Pentoxifylline has been marketed in Europe since 1972; PTX extended-release tablets sold under the trade name TRENTAL by US Pharm Holdings were first approved by the FDA on Aug 30, 1984, but have since been discontinued. A branded product, PENTOXIL, marketed by Upsher-Smith Laboratories, and generic forms marketed by Valeant Pharmaceuticals and APOTEX have been available since the late 1990s.

Indications

Pentoxifylline is indicated for the treatment of intermittent claudication in patients with chronic occlusive arterial disease. Pentoxifylline may improve limb function and reduce symptoms but cannot replace other therapies such as surgical bypass or removal of vascular obstructions.

What are the applications of Application

Pentoxifylline is a non-selective phosphodiesterase inhibitor. Inhibits endotoxin-induced synthesis of TNF-α

Pharmacokinetics

Pentoxifylline, a synthetic dimethylxanthine derivative structurally related to theophylline and caffeine, exhibits hemorheological, anti-oxidative, and anti-inflammatory properties and is traditionally indicated in the treatment of peripheral arterial disease (PAD). In PAD patients with concurrent cerebrovascular and coronary artery diseases, pentoxifylline treatment has occasionally been associated with angina, arrhythmia, and hypotension. Concurrent use with warfarin should be associated with more frequent monitoring of prothrombin times. Also, patients with risk factors complicated by hemorrhages, such as retinal bleeding, peptic ulceration, and recent surgery, should be monitored periodically for bleeding signs.

Metabolism

Pentoxifylline (PTX) metabolism is incompletely understood. There are seven known metabolites (M1 through M7), although only M1, M4, and M5 are detected in plasma at appreciable levels, following the general pattern M5 > M1 > PTX > M4. As PTX apparent clearance is higher than hepatic blood flow and the AUC ratio of M1 to PTX is not appreciably different in cirrhotic patients, it is clear that erythrocytes are the main site of PTX-M1 interconversion.

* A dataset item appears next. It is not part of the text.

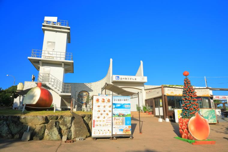 島内には伝説にゆかりのある神社やお寺、奇岩などが。島の周りをめぐる周遊船や、ボランティアガイドによる散策ツアーなども実施されています。島内を一周する周遊道路は約7.9km、約4時間ほどのコースなので、体力に自信のある人は歩いて散策するのもおすすめ。夏には穴場のビーチで海水浴も楽しめます。

However, the reaction likely occurs in the liver as well. PTX is reduced in an NADPH-dependent manner by unknown an unidentified carbonyl reductase to form either lisofylline (the (R)-M1 enantiomer) or (S)-M1; the reaction is stereoselective, producing (S)-M1 exclusively in liver cytosol, 85% (S)-M1 in liver microsomes, and a ratio of 0.010-0.025 R:S-M1 after IV or oral dosing in humans. Although both (R)- and (S)-M1 can be oxidized back into PTX, (R)-M1 can also give rise to M2 and M3 in liver microsomes. In vitro studies suggest that CYP1A2 is at least partly responsible for the conversion of lisofylline ((R)-M1) back into PTX. Unlike the reversible oxidation/reduction of PTX and its M1 metabolites, M4 and M5 are formed via irreversible oxidation of PTX in the liver. Studies in mice recapitulating the PTX-ciprofloxacin drug reaction suggest that CYP1A2 is responsible for the formation of M6 from PTX and of M7 from M1, both through de-methylation at position 7. In general, metabolites M2, M3, and M6 are formed at very low levels in mammals.